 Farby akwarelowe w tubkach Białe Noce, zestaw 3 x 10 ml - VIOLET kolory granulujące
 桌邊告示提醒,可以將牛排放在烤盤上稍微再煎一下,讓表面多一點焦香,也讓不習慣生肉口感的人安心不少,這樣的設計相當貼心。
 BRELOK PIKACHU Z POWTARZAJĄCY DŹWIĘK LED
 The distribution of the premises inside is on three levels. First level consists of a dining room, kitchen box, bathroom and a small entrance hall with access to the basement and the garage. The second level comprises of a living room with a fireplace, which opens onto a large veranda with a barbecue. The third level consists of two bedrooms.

********

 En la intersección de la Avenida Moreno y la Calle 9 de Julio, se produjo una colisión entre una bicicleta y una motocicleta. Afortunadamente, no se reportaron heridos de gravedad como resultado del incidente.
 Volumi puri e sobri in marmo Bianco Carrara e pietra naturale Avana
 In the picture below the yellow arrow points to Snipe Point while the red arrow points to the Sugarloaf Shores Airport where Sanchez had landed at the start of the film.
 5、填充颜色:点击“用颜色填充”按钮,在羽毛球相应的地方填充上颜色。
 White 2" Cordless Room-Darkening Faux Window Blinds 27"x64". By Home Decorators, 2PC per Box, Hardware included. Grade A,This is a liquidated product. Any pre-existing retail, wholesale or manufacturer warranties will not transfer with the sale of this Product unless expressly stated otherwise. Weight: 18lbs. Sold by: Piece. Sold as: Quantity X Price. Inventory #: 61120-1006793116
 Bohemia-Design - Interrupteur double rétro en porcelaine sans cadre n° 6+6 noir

********

Brief: Retype exactly the lines of the data above that fall between the line with "En la intersección" and the line with "Bohemia-Design - Interrupteur", inclusive, and add nothing.

Answer area:
 En la intersección de la Avenida Moreno y la Calle 9 de Julio, se produjo una colisión entre una bicicleta y una motocicleta. Afortunadamente, no se reportaron heridos de gravedad como resultado del incidente.
 Volumi puri e sobri in marmo Bianco Carrara e pietra naturale Avana
 In the picture below the yellow arrow points to Snipe Point while the red arrow points to the Sugarloaf Shores Airport where Sanchez had landed at the start of the film.
 5、填充颜色:点击“用颜色填充”按钮,在羽毛球相应的地方填充上颜色。
 White 2" Cordless Room-Darkening Faux Window Blinds 27"x64". By Home Decorators, 2PC per Box, Hardware included. Grade A,This is a liquidated product. Any pre-existing retail, wholesale or manufacturer warranties will not transfer with the sale of this Product unless expressly stated otherwise. Weight: 18lbs. Sold by: Piece. Sold as: Quantity X Price. Inventory #: 61120-1006793116
 Bohemia-Design - Interrupteur double rétro en porcelaine sans cadre n° 6+6 noir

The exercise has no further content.